In this notebook I'll work on a model to what a tourist will spend when vacationing in Tanzania.
The evaluation metric for the model is **Mean Absolute Error**.


To do:
- add comments
- feature selection/feature engineering (subregions)
- model
- again if necessary: feature selection/feature engineering
- outlier handling (Isolation Forest?)
- hyperparameter tuning
- interpretation/visualization

In [1]:
# import some packages that I'll need

import pandas as pd
import numpy as np
import matplotlib.pyplot as plt
import seaborn as sns
from sklearn.pipeline import Pipeline
from sklearn.model_selection import train_test_split, cross_val_predict, cross_val_score, cross_validate
from sklearn.compose import ColumnTransformer
from sklearn.preprocessing import OneHotEncoder, RobustScaler
from sklearn.linear_model import LinearRegression
from sklearn.metrics import mean_absolute_error

# suppress warnings
import warnings
warnings.filterwarnings('ignore')

# set color scheme
cpal = ["#f94144","#f3722c","#f8961e","#f9844a","#f9c74f","#90be6d","#43aa8b","#4d908e","#577590","#277da1"]

# seaborn theme
sns.set()

# use natural numbers
pd.options.display.float_format = "{:.2f}".format

# set random seed
RSEED = 42

In [2]:
# load data
TZA = pd.read_csv('data/Train.csv')

In [3]:
# train test split
train, test = train_test_split(TZA, test_size = 0.3, random_state = RSEED)

## Preprocessing

I am going to preprocess the data now. I'll do it separately for train and test data, carefully avoiding data leakage.

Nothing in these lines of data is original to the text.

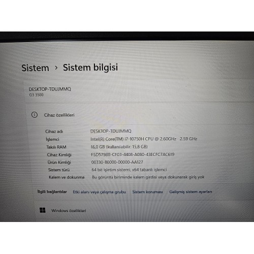 DELL İ7 10.NESİL + GTX 1660Tİ 6 GB + 120 HERZ + TEMİZ+ KUTULU
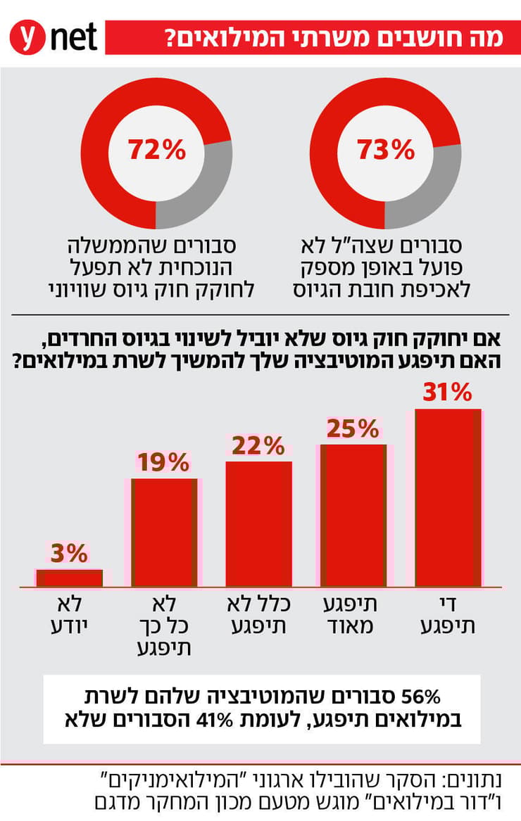 לאחר הפרסום ב-ynet הבוקר (שלישי) ולפיו בצה"ל בוחנים מודל שישנה את אופן גיוס המילואים, במטרה להקל על המשרתים, מילואימניקים סיפרו על הקושי שהם חווים במהלך השירות הארוך והסבבים הבלתי נגמרים אליהם הם נקראו מפרוץ המלחמה - וטענו כי גם המודל החדש שנבחן לא יפתור את הבעיה. לדבריהם, רק התאמת התוכניות המבצעיות לכוח האדם הקיים, או הרחבת שורות הצבא, יקלו על העומס והנטל הכבדים שהם נושאים על גבם.
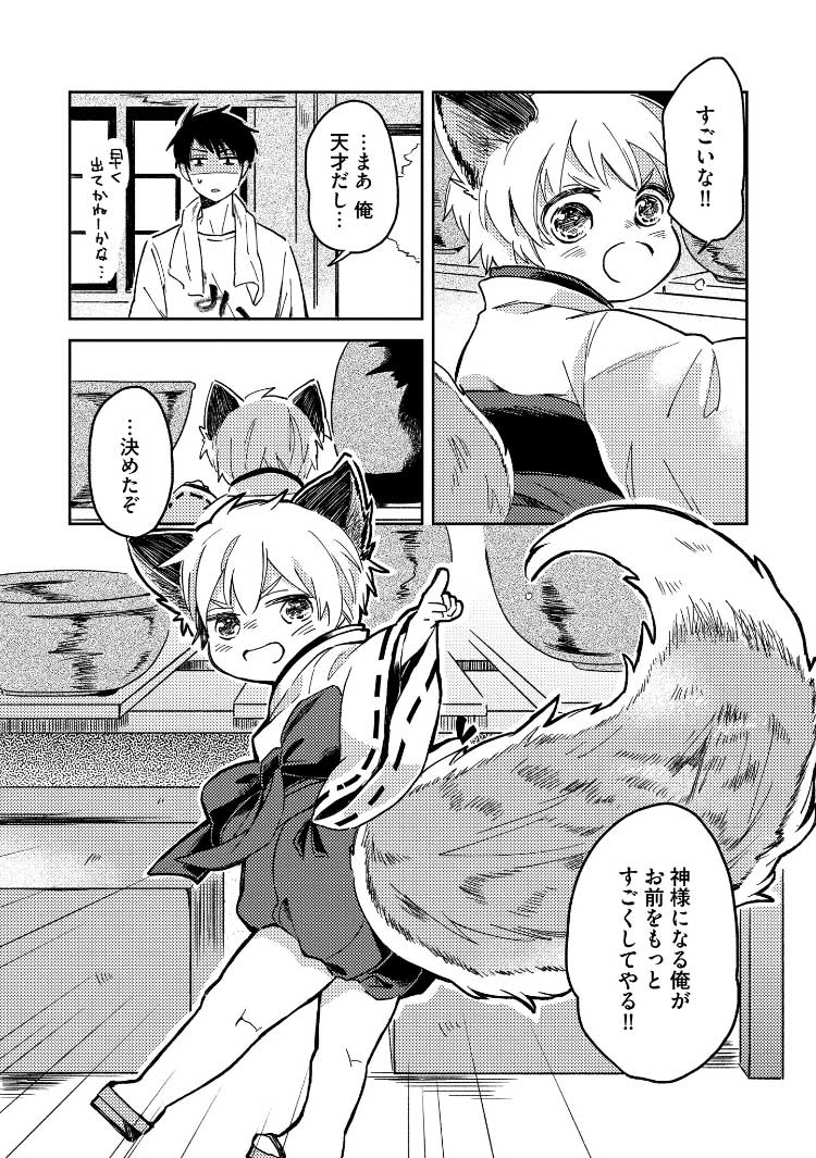 (天才)若手陶芸家・浩太郎のもとに、突然やって来た小さなこども。 ふさふさの耳としっぽがついたそいつは、 "神様見習い"のキツネだった――!?
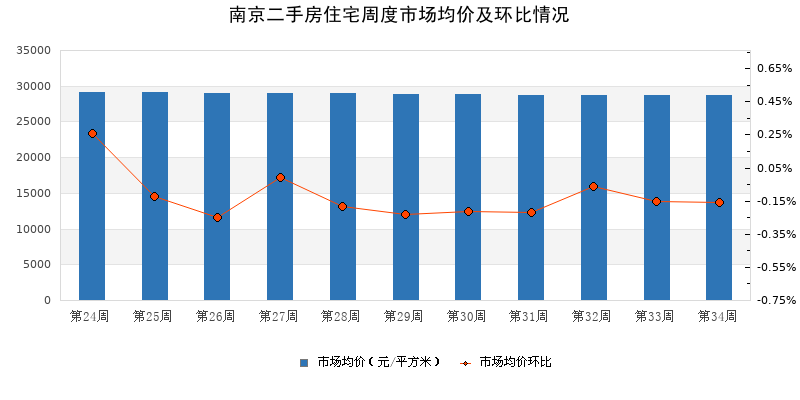 第34周全市二手住宅挂牌均价为28,657元/㎡,环比微降0.16%,整体保持平稳。
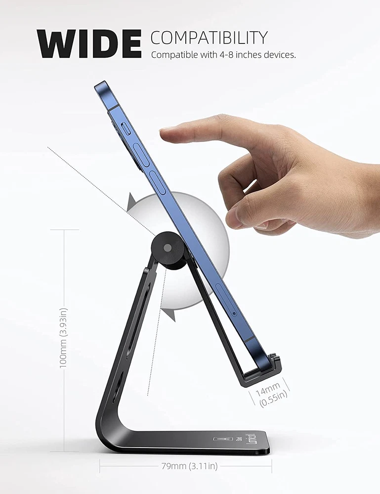 Universal Compatibility: Lamicall cell phone stand can work with all smartphones from 4-8 inches, like AppleiPhone 16, iPhone 16 Pro, iPhone 16 Pro Max, iPhone 16 Plus, iPhone 15, iPhone 15 Pro, iPhone 15 Pro Max, iPhone 15 Plus, iPhone 14, iPhone 14 Plus, iPhone 14 pro, iPhone 14 pro max, iPhone 13 Mini, iPhone 13, iPhone 13 Pro, iPhone 13 Pro Max, 12,11 SE 2020, XS, XS Max, XR, X, 8 7 6 Plus, Galaxy S21 Ultra, S20, S10, S9, S9 Plus, A71, A51, A11, Edge, Note 20 ultra, even with a case on. Desktop Partner: Great desk accessories for office and home. A smartphone stand with perfect viewing angle for making phone calls, watching movies, viewing recipes and using facetime. Sleek and Elegant: Made of high-quality aluminum alloy, this desk phone holder has a smooth edge, a nice finish and beautiful metallic luster. It looks sleek and elegant on your desktop. Stable and Protective: This phone dock with a low gravity center can hold your phone stably. Besides, its rubber cushions protect the phone from scratches and sliding. Warm Tips: The hook width of the mobile phone stand is 14mm, please make sure the thickness of your device is no more than 14mm (0.55 in). For a cell phone larger than 6 inches, kindly set it in landscape mode for more stability. Product Description The video showcases the product in use. The video guides you through product setup. The video compares multiple products. The video shows the product being unpacked. Lamicall Phone Stand Series Comparison Height Adjustable NO Height Adjustable Yes Height Adjustable NO Heavy Duty Base NO Heavy Duty Base Yes Heavy Duty Base NO Angle Adjustable Yes Angle Adjustable Yes Angle Adjustable Yes Foldable NO Foldable NO Foldable Yes
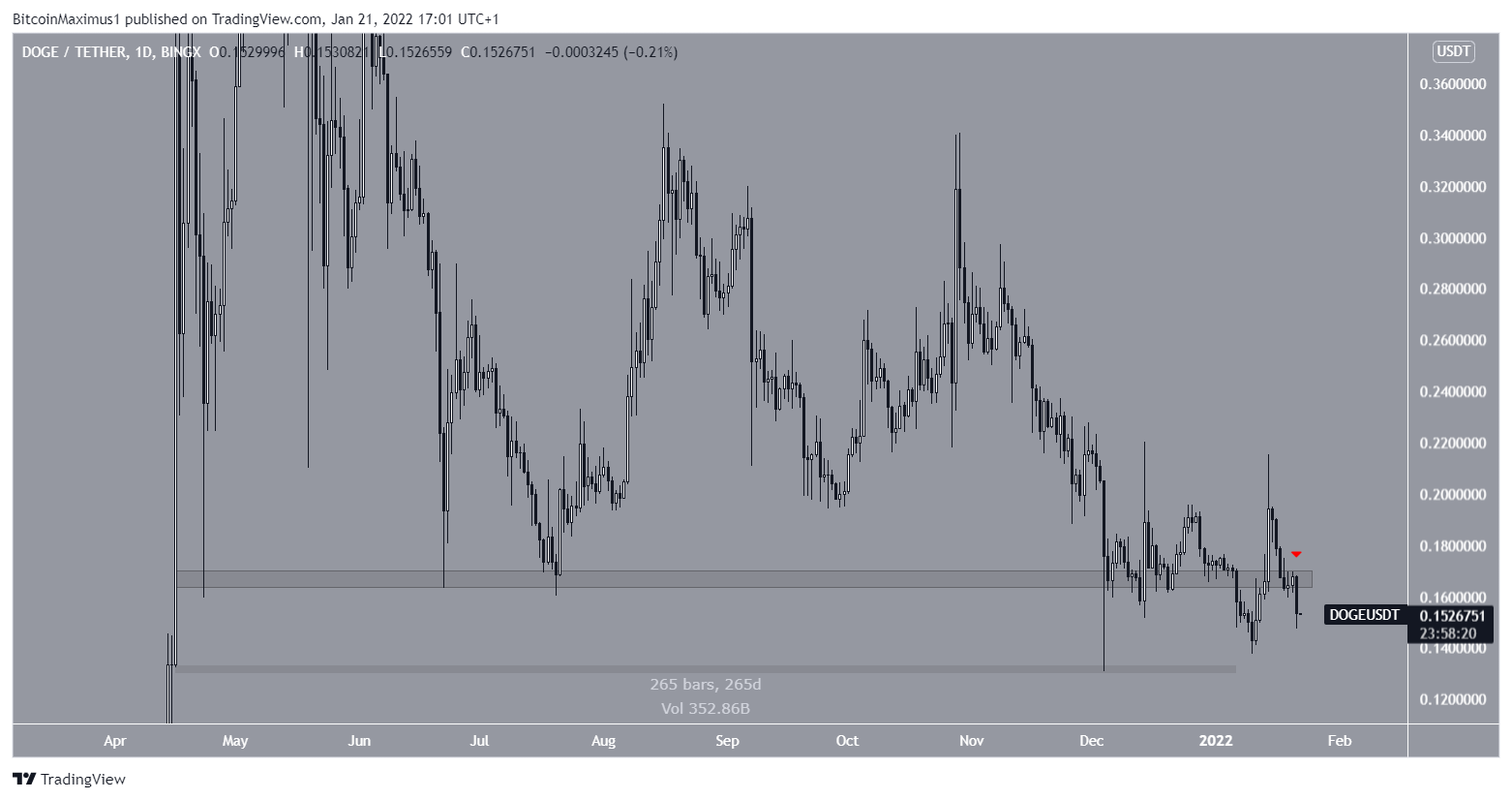 Kể từ ngày 16 tháng 4, DOGE đã được giao dịch trên vùng hỗ trợ ngang 0.166 USD. Tuy nhiên, giá DOGE đã giảm sau 265 ngày, cụ thể hơn là đã bứt phá xuống dưới vào ngày 6 tháng 1.
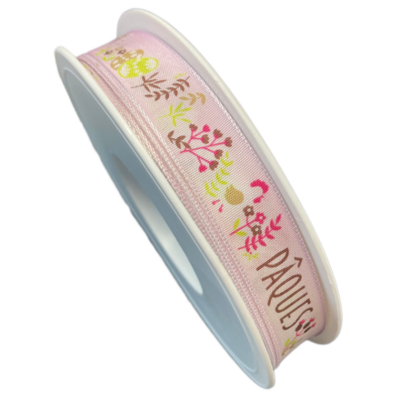 Ruban Herzen – Coeur rose sur rose (25mm)
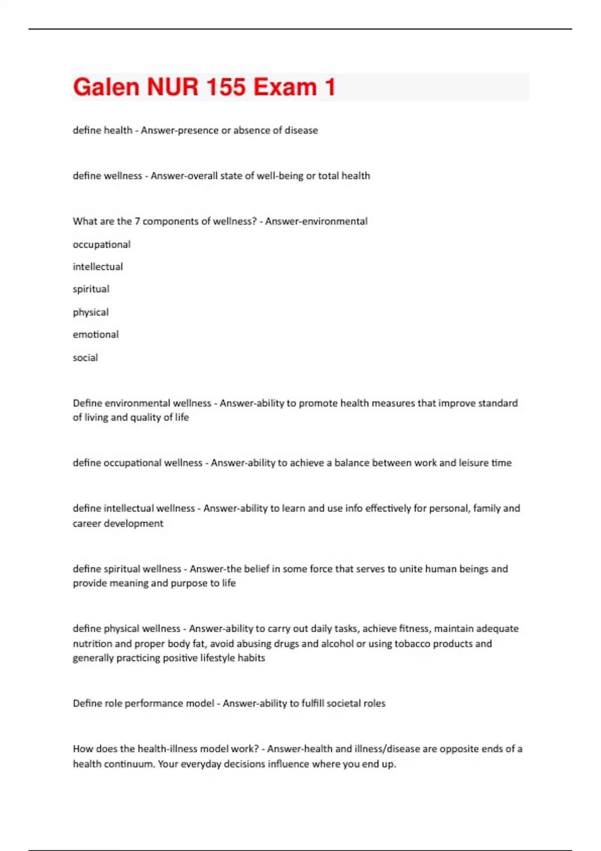 Galen NUR 210 Exam 1 Questions And Answers Rated A+ New Update Assured Satisfaction

### Missing values and minor adjustments

In [4]:
# function to handle missing data and to make some minor adjustments on the dataset

def adjustments(df):
    # fill NaN total_male/total_female with 0
    df['total_male'] = df['total_male'].fillna(0)
    df['total_female'] = df['total_female'].fillna(0)
    # add a column group_size based on total_male/total_female
    df['group_size'] = df['total_female'] + df['total_male']
    # fill NaN travel_with with "Alone" if group_size is zero
    df.loc[df.group_size == 1, 'travel_with'] = 'Alone'
    # fill remaining NaN travel_with with missing
    df['travel_with'] = df['travel_with'].fillna('missing')
    # fill NaN most_impressing with "No comments"
    df['most_impressing'] = df['most_impressing'].fillna('No comments')
    # add a column total_nights based on night_zanzibar/night_mainland
    df['total_nights'] = df['night_zanzibar'] + df['night_mainland']
    # delete rows if group_size is zero
    df = df[df.group_size > 0]
    # delete rows if total_nights is zero
    df = df[df.total_nights > 0]
    # drop id column
    df = df.drop(['ID'], axis =1)
    # drop night_mainland column (to avoid multicollinearity)
    df = df.drop(['night_mainland'], axis =1)
    # drop total_male column (to avoid multicollinearity)
    df = df.drop(['total_male'], axis =1)
    return df

In [5]:
# apply function on train data
train = adjustments(train)
# apply function on test data
test = adjustments(test)

In [6]:
# separate target variable

X_train = train.drop(['total_cost'], axis=1)
y_train = train['total_cost']

X_test = test.drop(['total_cost'], axis=1)
y_test = test['total_cost']

### Build Pipelines

In [7]:
cat_features = list(X_train.columns[X_train.dtypes==object])
cat_pipeline = Pipeline([
    ('1hot', OneHotEncoder(handle_unknown= 'ignore', drop = 'first'))
])

In [8]:
num_features = list(X_train.columns[X_train.dtypes!=object])
num_pipeline = Pipeline([
    ('rob_scaler', RobustScaler())
])

In [9]:
preprocessor = ColumnTransformer([
    ('num', num_pipeline, num_features),
    ('cat', cat_pipeline, cat_features)
])

### Baseline Model

In [10]:
# build pipeline
pipe_linreg_bl = Pipeline([
    ('preprocessor', preprocessor),
    ('linreg', LinearRegression())
])

In [11]:
# cross validate
y_train_predicted_bl = cross_val_predict(pipe_linreg_bl, X_train, y_train, cv=5)

In [12]:
# print MAE of Baseline Model
print("Mean Absolute Error Baseline Model: {:.2f}".format(mean_absolute_error(y_train, y_train_predicted_bl)))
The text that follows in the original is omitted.